Monday, December 6, 2010

Cheeses and Jesus, a Serendipitous Conjugation

Nativity sets captivate me (I have a growing collection of them). And frankly, so does cheese. Strange how 2 very disparate entities can be entwined so seamlessly, but watch this video and you'll see...



... Sustenance, nourishment, simplicity, universality, stillness, meekness, grace, a gift to mankind. Both the nativity and cheese have an inherit immutability about them. I've wondered what it is that draws folks like John Putnam to leave a successful career in law or Petra Cooper who left her job as a publishing exec, to embrace a labored life of cheesemaking. Could it be a spiritual pilgrimage or a foray into the creative realm of inspired art?

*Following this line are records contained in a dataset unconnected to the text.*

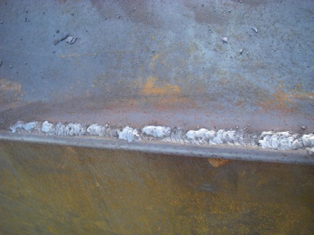 J'utilise un poste à souder Inverter de marque Gys, d'une puissance maximale de 160A. Les fers plats sont soudés à clin, à la baguette rutile de 3.2mm, à 115A, recto et verso.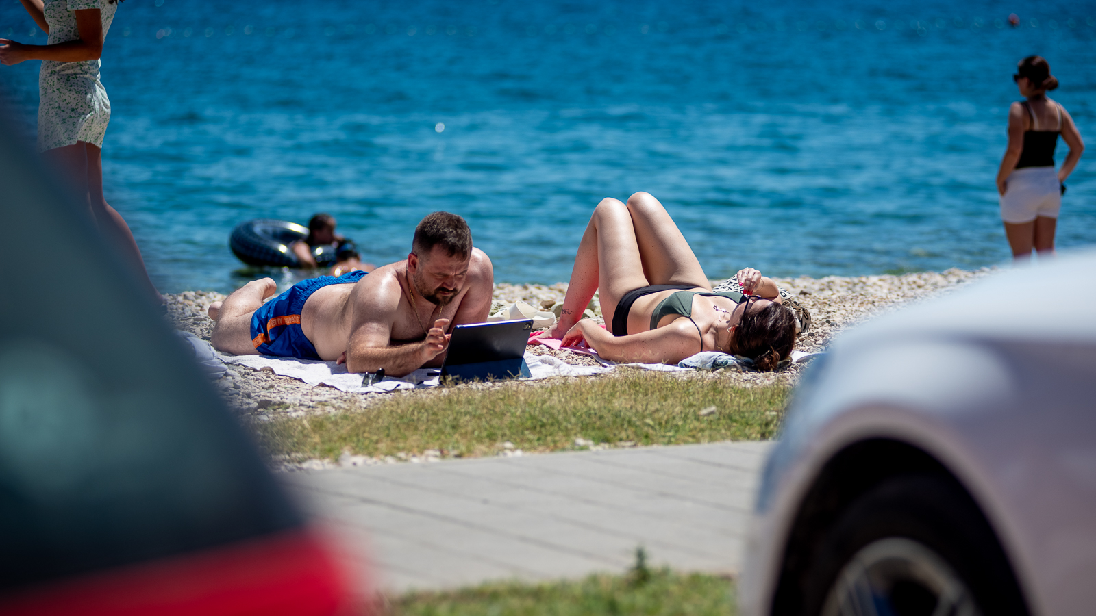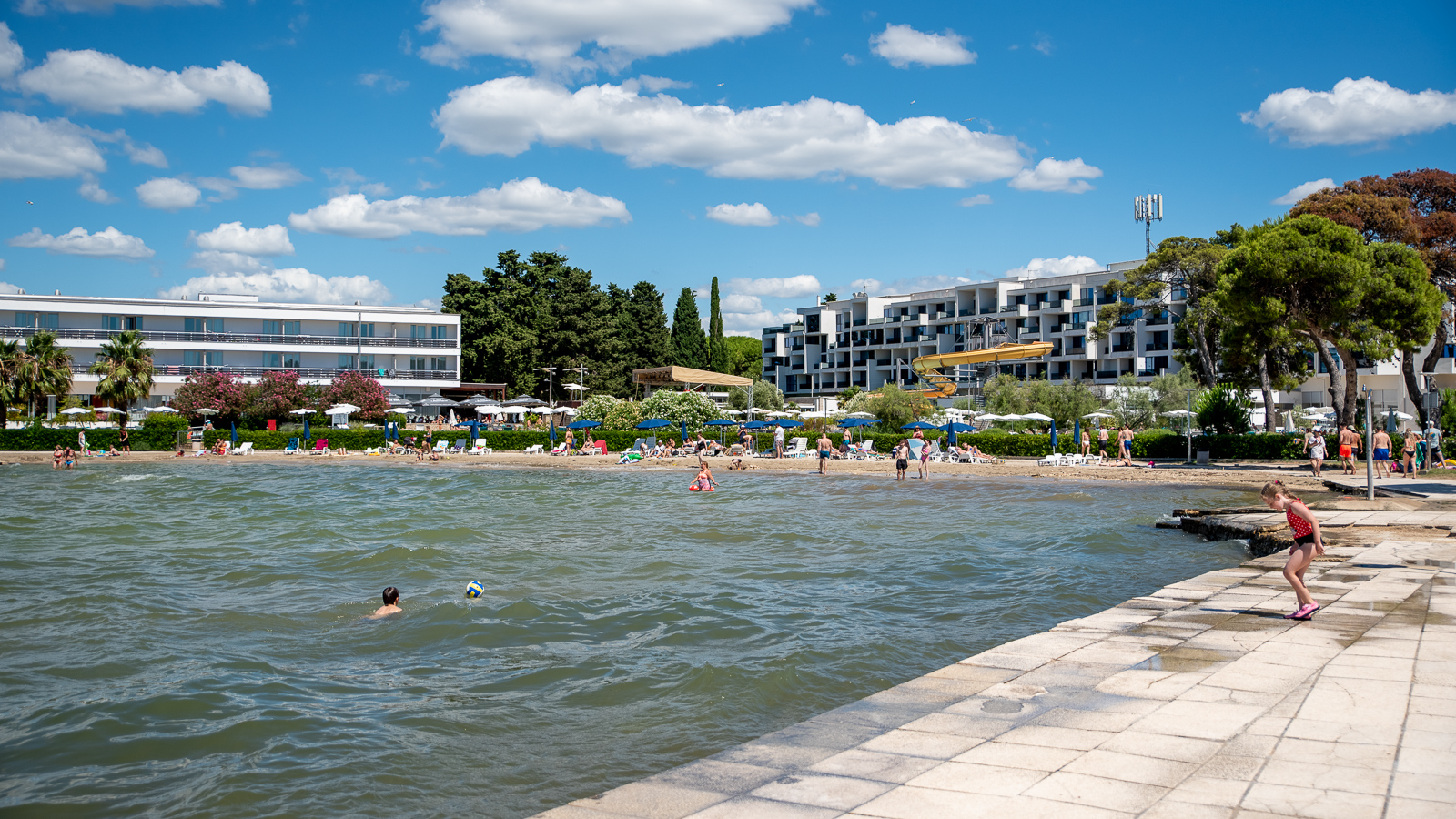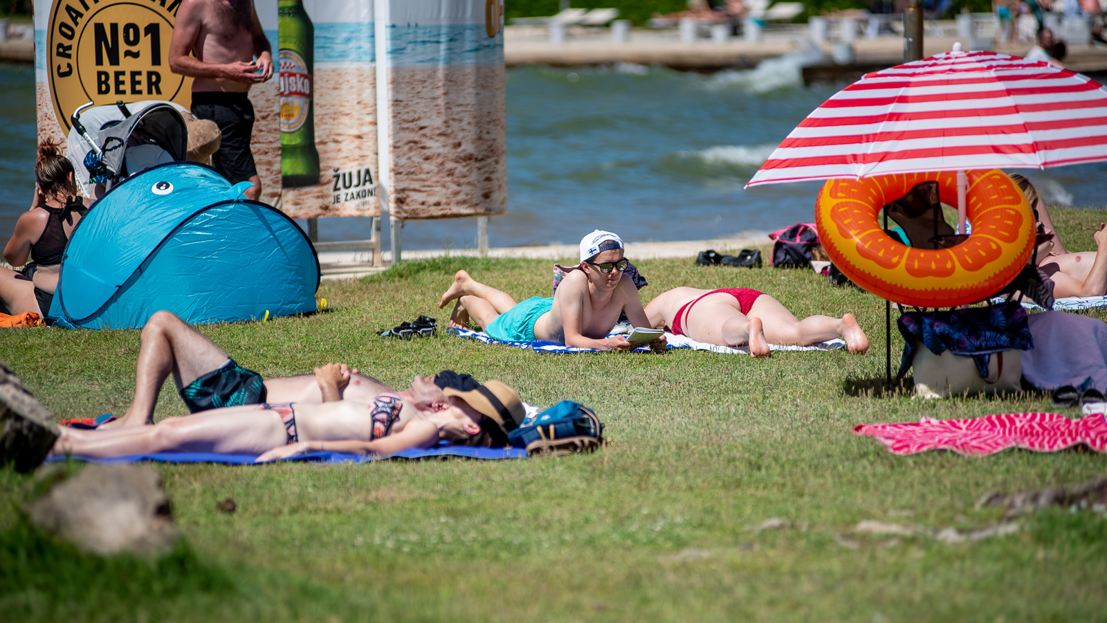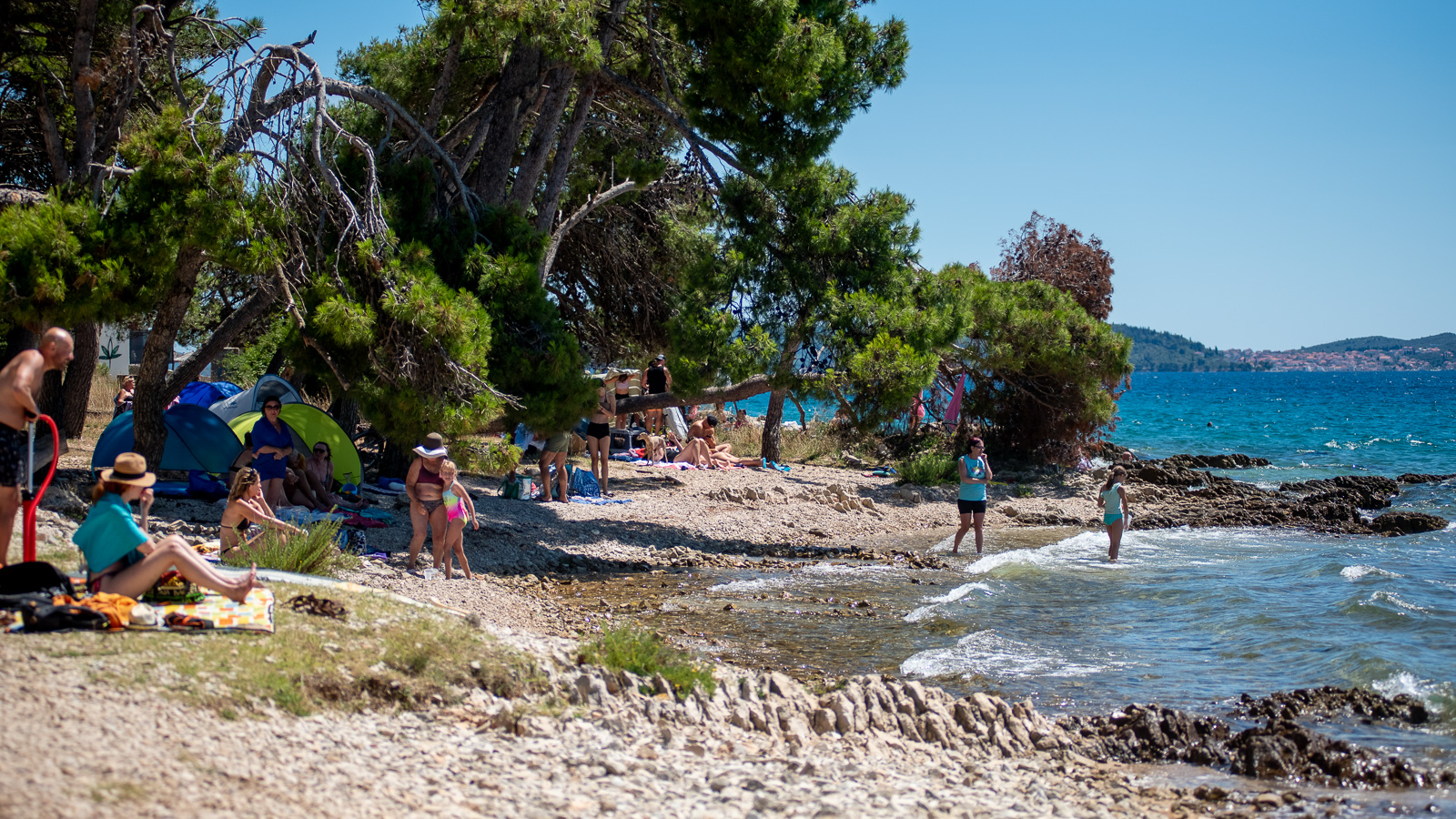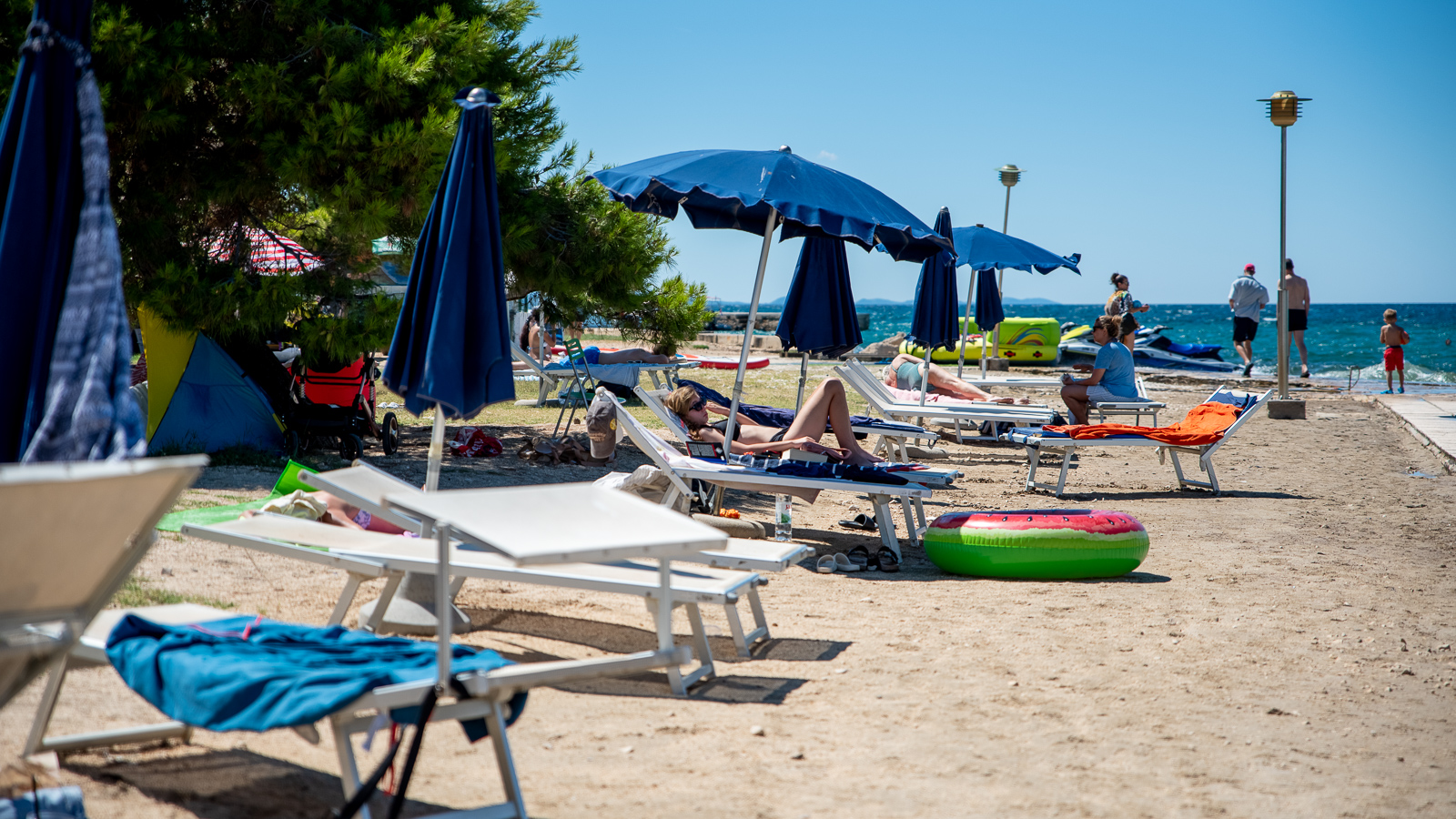 Stoga smo na plažama na Puntamici i Boriku mogli sresti velik broj kupaća kako uživaju u morskim radostima poput plivanja, sunčanja, ronjenja, a tu su naravno i ostale popratne aktivnosti kao npr. odbojka, nogotenis, knjiga, tablet, mobitel, bicikl…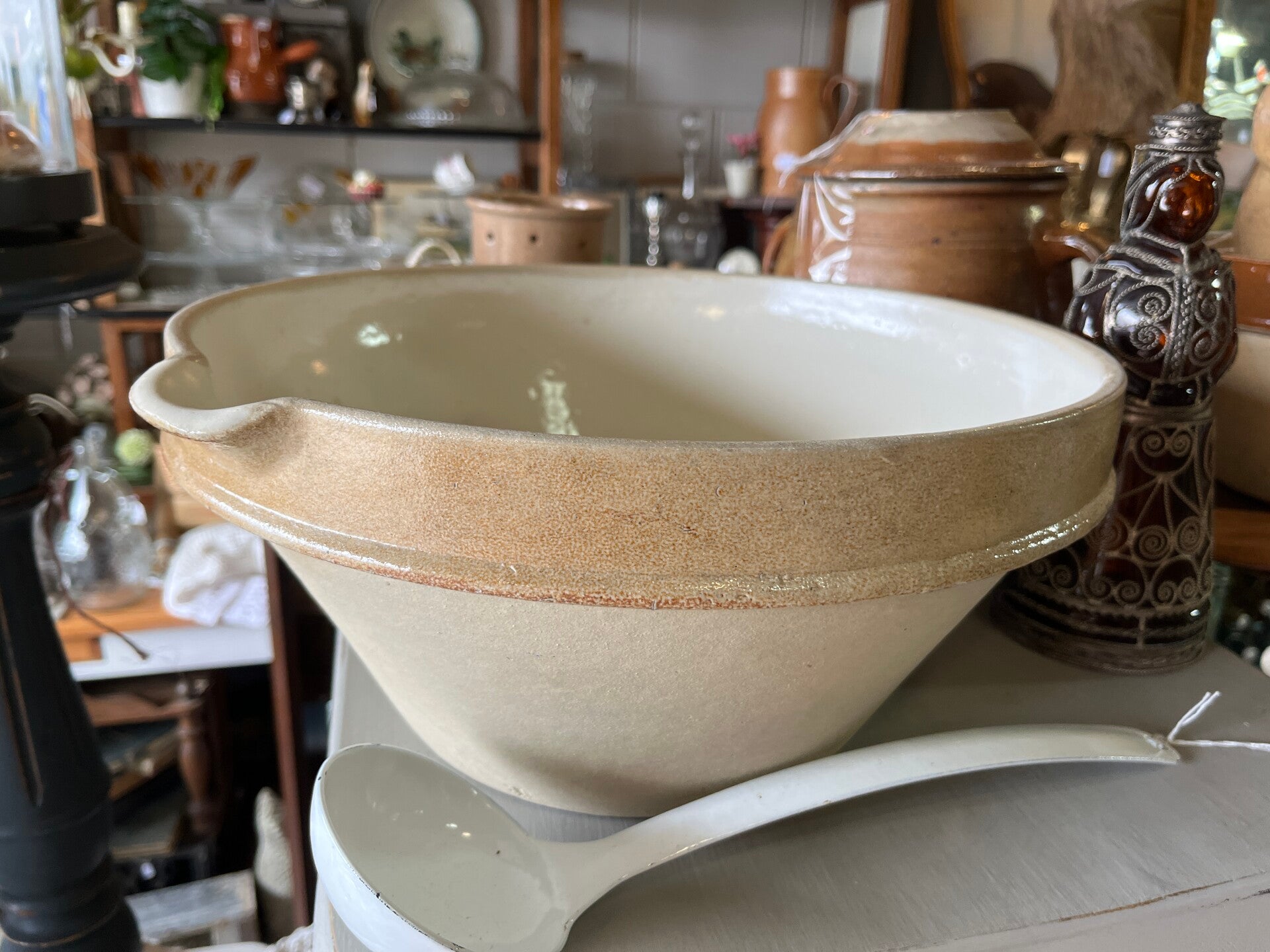 Prachtige grote Franse gresale of beslagkom. Zandkleurig aardewerk. De binnenkant en de rand zijn geglazuurd, de buitenkant niet. In prachtige staat! Hij is maar liefst 35,5 cm in doorsnede en heeft een hoogte van 17 cm.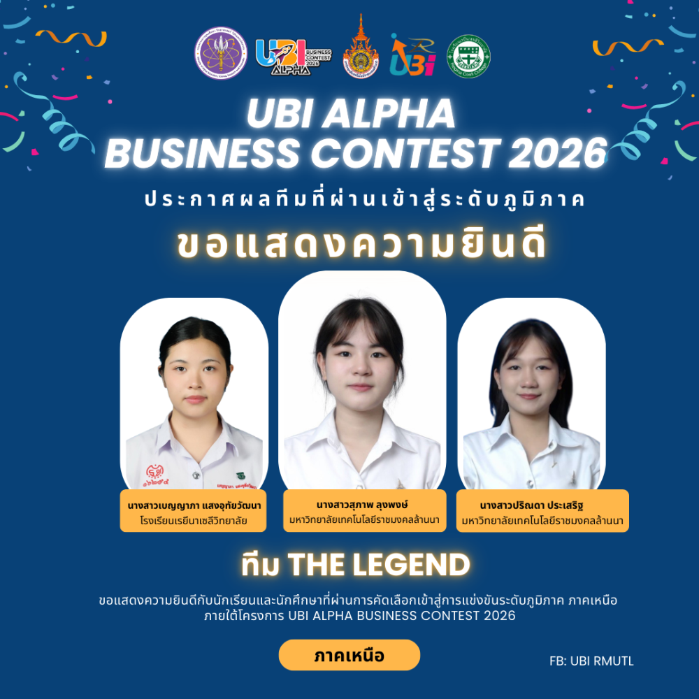 โครงการ UBI ALPHA BUSINESS CONTEST 2026 ซึ่งเป็นเวทีการแข่งขันแผนธุรกิจและนวัตกรรม ชิงเงินรางวัลมูลค่า 10,000 บาท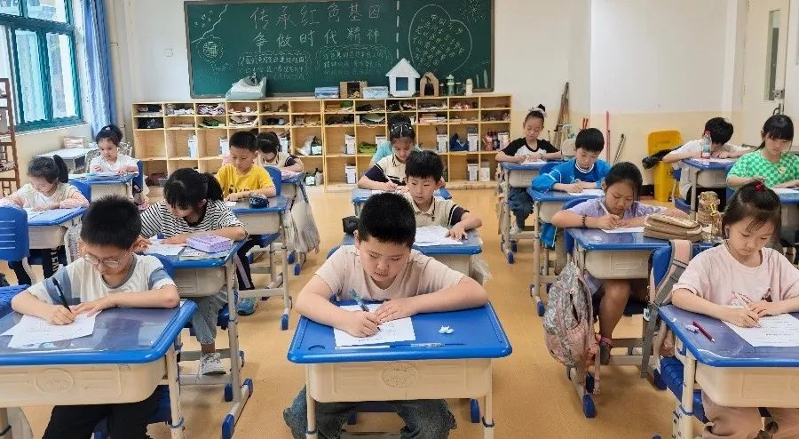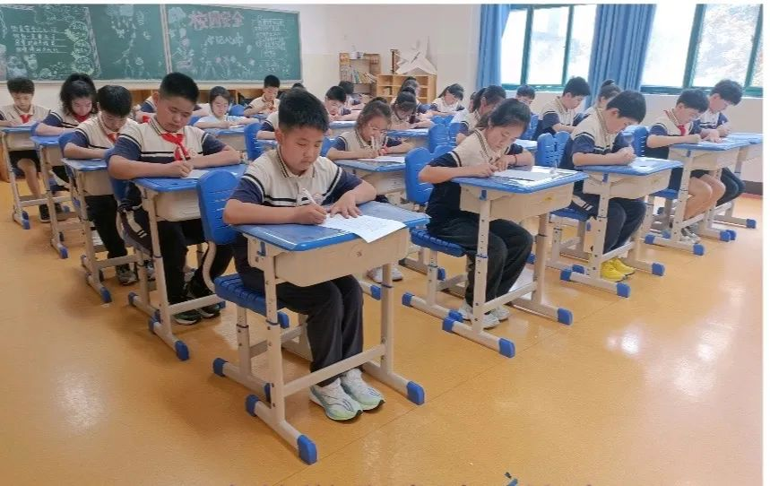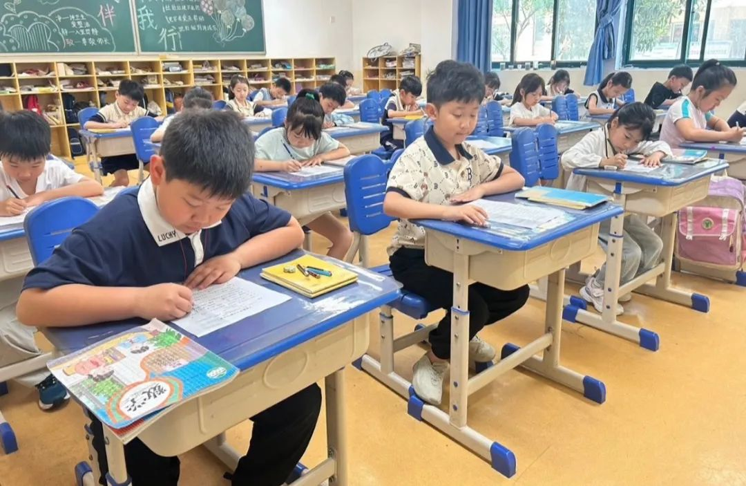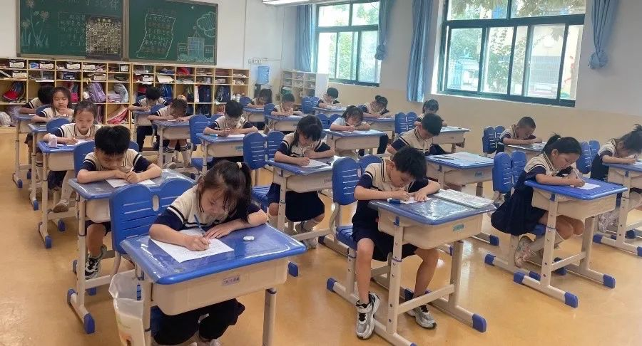低年级的学生激动又期待,一年级的小朋友是懵懂专注的初探者,他们握紧铅笔,边写边小声嘀咕,语气里透着认真与执着; 二年级的小朋友是渐入佳境的小能手,他们认真地默写“四则运算的运算顺序”,边写边想边嘀咕,语气自信中带点 “小老师” 的严谨。三年级的小朋友是条理清晰的挑战者,他们专注地默写着“长方形面积公式”“时分秒换算关系”,稚嫩的脸庞上满是认真!

For me, the essence of cheese (yes, you read that correctly) reminds me that we are more than what we make with the toil of our hands, and the beautiful result pressed and aged in a wheel tells of something greater at work-- an Omnipresence orchestrating the rains to grow the grasses for the cows to enjoy, to the milk extracted from the hands of faithful hands--tells of a premeditated power at work in the universe.

And nativity scenes engender a similar thought pattern in me... They make you stop for a moment to think of the story being told in it, and if you're really open to it, you might see the connection that Christmas is more than a very expensive holiday, and cheese is more than a favorite pizza topping. Angelo Frosio, the Italian cheesemaker in this news clip, seems to be thinking of something more.

Maybe that's the reason why I love cheese and nativity scenes so much-- they remind me I am part of a much bigger picture, I'd like to think of it as work of the biggest masterpiece known to mankind. I don't know about you, but to me the very thought gives me peace in a troubled world, and beckons my heart towards goodwill to those around me near and far.